Потом Джон сидел на веранде в любимом кресле, пил идеальный кофе, курил, смотрел на идеально подстриженный газон и любовался горами. А главное, таких дней впереди должно было быть еще три – целое богатство.

Но судьба оставила ему только полтора. На второй день Джон услышал отдаленный шум вертолета. И хотя он пытался убедить себя, что просто кто-то летит мимо, в глубине души он уже знал – это к нему.

Домик охраны и прислуги располагался примерно в полумиле от дома Президента – так настоял Джон. Там же была вертолетная площадка. Джон запрещал сажать вертолет у своего дома – исключение составляли особые гости или он сам.

Президент сидел на веранде и смотрел на горы, на столе стоял отполированный кофейник, и в нем отражалась единственная дорога к дому.

– Вот дьявол! – его предчувствия подтвердились. На кофейнике появилось отражение машины для гольфа.


***


Нежданным гостем был его друг и советник, по должности – помощник по информационной безопасности; на него Президент замкнул все конфиденциальные вопросы. Это был один из немногих по-настоящему преданных людей, если вообще в наше время еще можно говорить о личной преданности. Его звали Александр Рапопорт, и он был классический «еврей при губернаторе».

– Добрый день, господин Президент, —

– Алекс, твоя кислая рожа, – на самом деле Джон выразился гораздо грубее, – провоцирует шутки про третью мировую. Что стряслось, почему ты так со мной разговариваешь? Я чем-то тебя обидел? – в его голосе звучало раздражение.

– Нет, Джон, просто все слишком серьезно, а у меня не было заготовлено лицо для подобного случая. Поэтому я хожу с той рожей, которая получается сама собой. И говорю я официально потому, что, как мне кажется, такое можно обсуждать только официально. Вот, просмотри эти папки.

– Какие, к черту, папки, Алекс! Расскажи все сам, как обычно, как всегда между нами было. Или дело касается лично тебя, и ты не можешь об этом говорить? – все так же раздраженно предположил Джон.

– Прости меня, Джон, я не могу говорить, как обычно, потому что это касается и меня, и тебя, и вообще всех, – Алекс посмотрел в сторону. – Ладно, прости, конечно, я расскажу, только мне сначала нужно выпить. И что-нибудь съесть. Все это слишком измучило меня.

– Что, взорвется вулкан? – еще раз переспросил Президент.

– И даже не один. Рванет целая цепочка по линии Анды-Кордильеры. Вот, смотри, – Алекс попытался показать ему карту.

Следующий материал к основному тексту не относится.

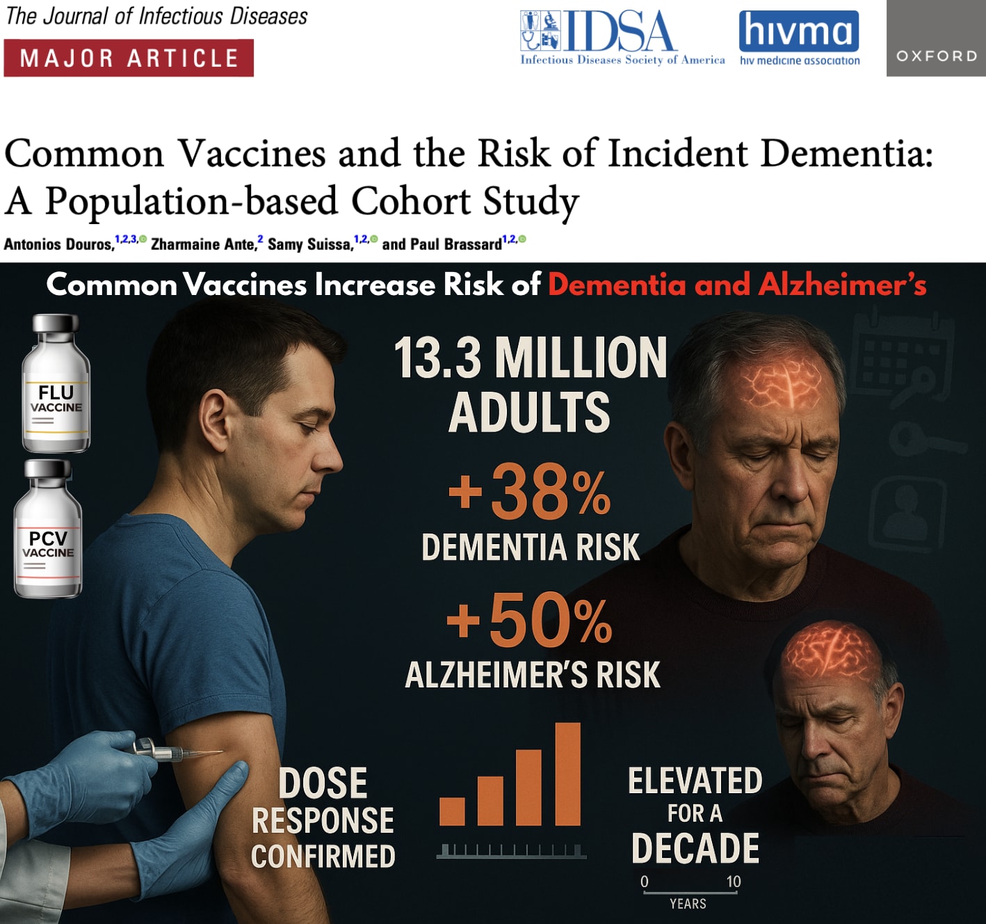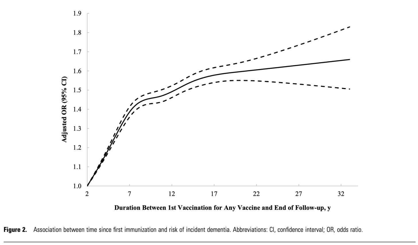 In the largest single study ever conducted on vaccines and dementia, common adult vaccinations were associated with a 38% higher risk of dementia and a 50% higher risk of Alzheimer’s disease. The risk increases with more doses, persists for a decade, and is strongest for influenza and pneumococcal vaccines.

– А с чего ты взял, что этим прогнозам можно верить? – Джон поморщился и отвернулся, не желая смотреть.

– Мы как с тобой договаривались, Джон, – несколько истерично прервал его Алекс, – когда ты ставил меня отвечать за всю секретную информацию? Мы договаривались, что никакие непроверенные сведения я тебе не докладываю. Так вот, я уже больше недели занимаюсь этим делом, и я не сплю – потому что я не хочу верить, но не могу. И чем больше я погружаюсь в эту проблему, тем хуже мне становится. И это становится все сильнее и сильнее. Меня это пугает, Джон. Похоже, все очень и очень серьезно.

– Хорошо, выпей еще, Алекс, – Джон подлил ему вина. – Прости меня. Успокойся и рассказывай, как тебе удобно.

– Все, что касается Йеллоустоуна и катастроф вообще, было засекречено еще при Картере. Тогда наука развилась настолько, что ученые стали давать более-менее внятные и все более верные прогнозы. У Йеллоустоунского парка есть своя служба прогнозов, но она – лишь официальное прикрытие. Туда набирают середняков, и финансирование там невысокое. А вот таланты получают предложения поработать в секретных правительственных лабораториях с отличным оборудованием и зарплатой. С ними подписывают договор о неразглашении гостайны. Таких лабораторий три, они работают по разным ведомствам, независимо друг от друга. Каждая развивает свои методики прогноза. Уровень секретности – Президент. Когда два прогноза из трех сходятся, информация поступает Президенту.

– И что сейчас? – спросил Джон.

– Сейчас их больше, чем три, – Алекс посмотрел прямо в глаза Джону. – У них еще заключены договоры с теми, кто не захотел идти работать в секретные лаборатории, но бесспорно талантливы и продолжают работать в этой сфере. Таких тут еще двое. По договору с нами они получают деньги пожизненно и могут печатать свои прогнозы в открытых источниках. Но помимо серьезных прогнозов они обязаны давать несколько фейковых. Видимо, им это показалось забавным, и они согласились.

Особенно точно дает прогнозы один из них – он предсказал все извержения за последние сорок лет. Так что их сейчас даже больше, чем три, – их четыре с половиной. И это при том, что я не считаю данные из других стран, – Алекс указал на папку внизу. – Слава богу, что никто и никогда не слушает, что говорят эксперты. Теперь ты, может, все-таки посмотришь на карту? – в голосе Алекса прорвалось раздражение.


***


Они сидели на веранде, пили вино и говорили. Это был очень необычный разговор.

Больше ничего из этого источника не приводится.